§ **Activity**
This exercise calls for retyping every line below exactly, with the images omitted.

§ **Data extract**
====
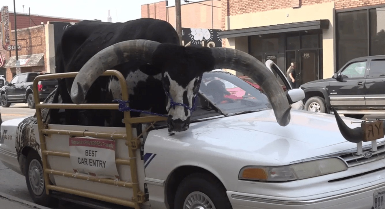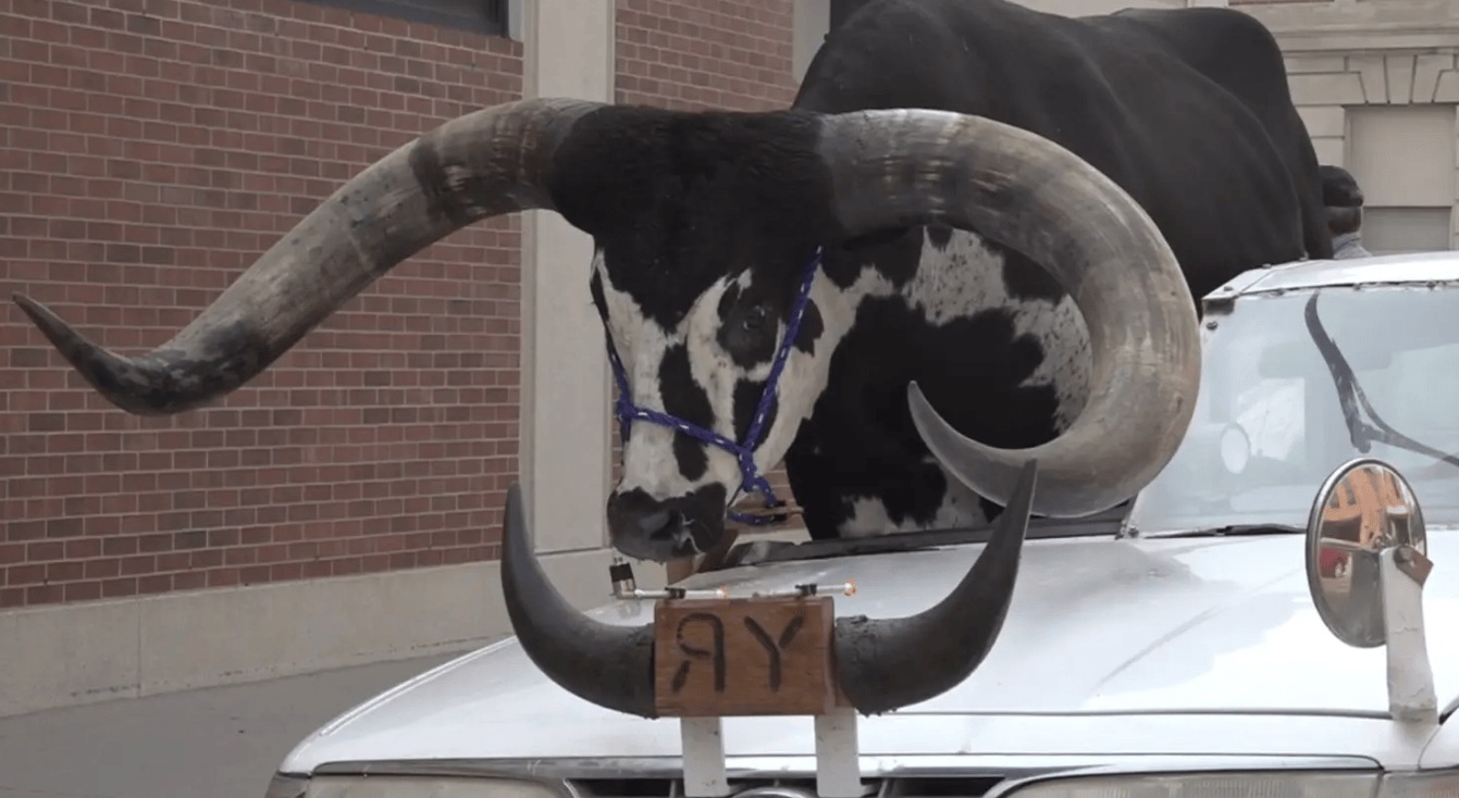 Quelque chose de petit, vraiment? En réalité, l’automobiliste en question conduisait en compagnie d’un énorme taureau watusi noir et blanc. Des photos montrent l’animal – Howdy Doody de son petit nom – se faire tranquillement promener à bord d’une voiture blanche spécialement modifiée pour lui. Les épaules, la tête et les impressionnantes cornes du bovin dominent allègrement l’endroit où se trouvait jadis la moitié du toit et du pare-brise du véhicule.
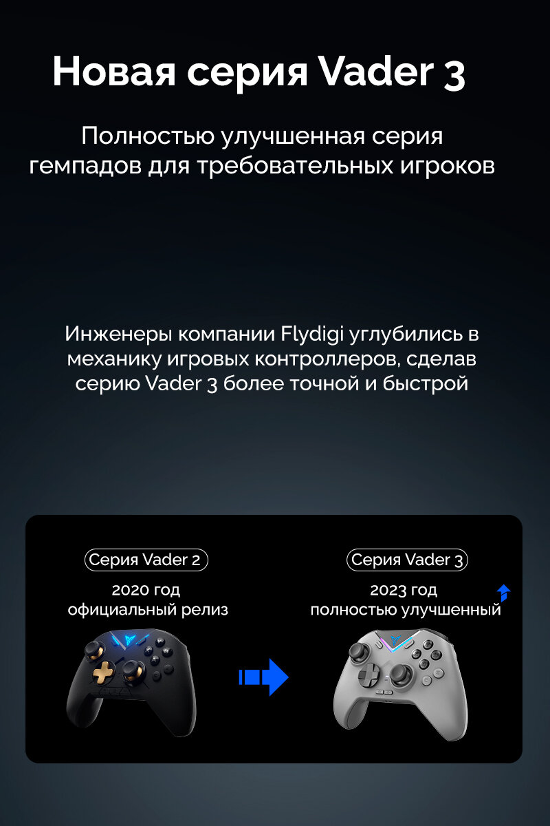 Flydigi Vader 3 - беспроводной кроссплатформенный геймпад (PC, Android, iOS, Nintendo Switch) информация:
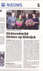 Het winnende gedicht Aan het ziekbed is opgenomen in de jubileumbundel '10x Dichter op Hofwijck' uitgegeven door het Huygensmuseum
====
§ **Exercise response**
 Quelque chose de petit, vraiment? En réalité, l’automobiliste en question conduisait en compagnie d’un énorme taureau watusi noir et blanc. Des photos montrent l’animal – Howdy Doody de son petit nom – se faire tranquillement promener à bord d’une voiture blanche spécialement modifiée pour lui. Les épaules, la tête et les impressionnantes cornes du bovin dominent allègrement l’endroit où se trouvait jadis la moitié du toit et du pare-brise du véhicule.
 Flydigi Vader 3 - беспроводной кроссплатформенный геймпад (PC, Android, iOS, Nintendo Switch) информация:
 Het winnende gedicht Aan het ziekbed is opgenomen in de jubileumbundel '10x Dichter op Hofwijck' uitgegeven door het Huygensmuseum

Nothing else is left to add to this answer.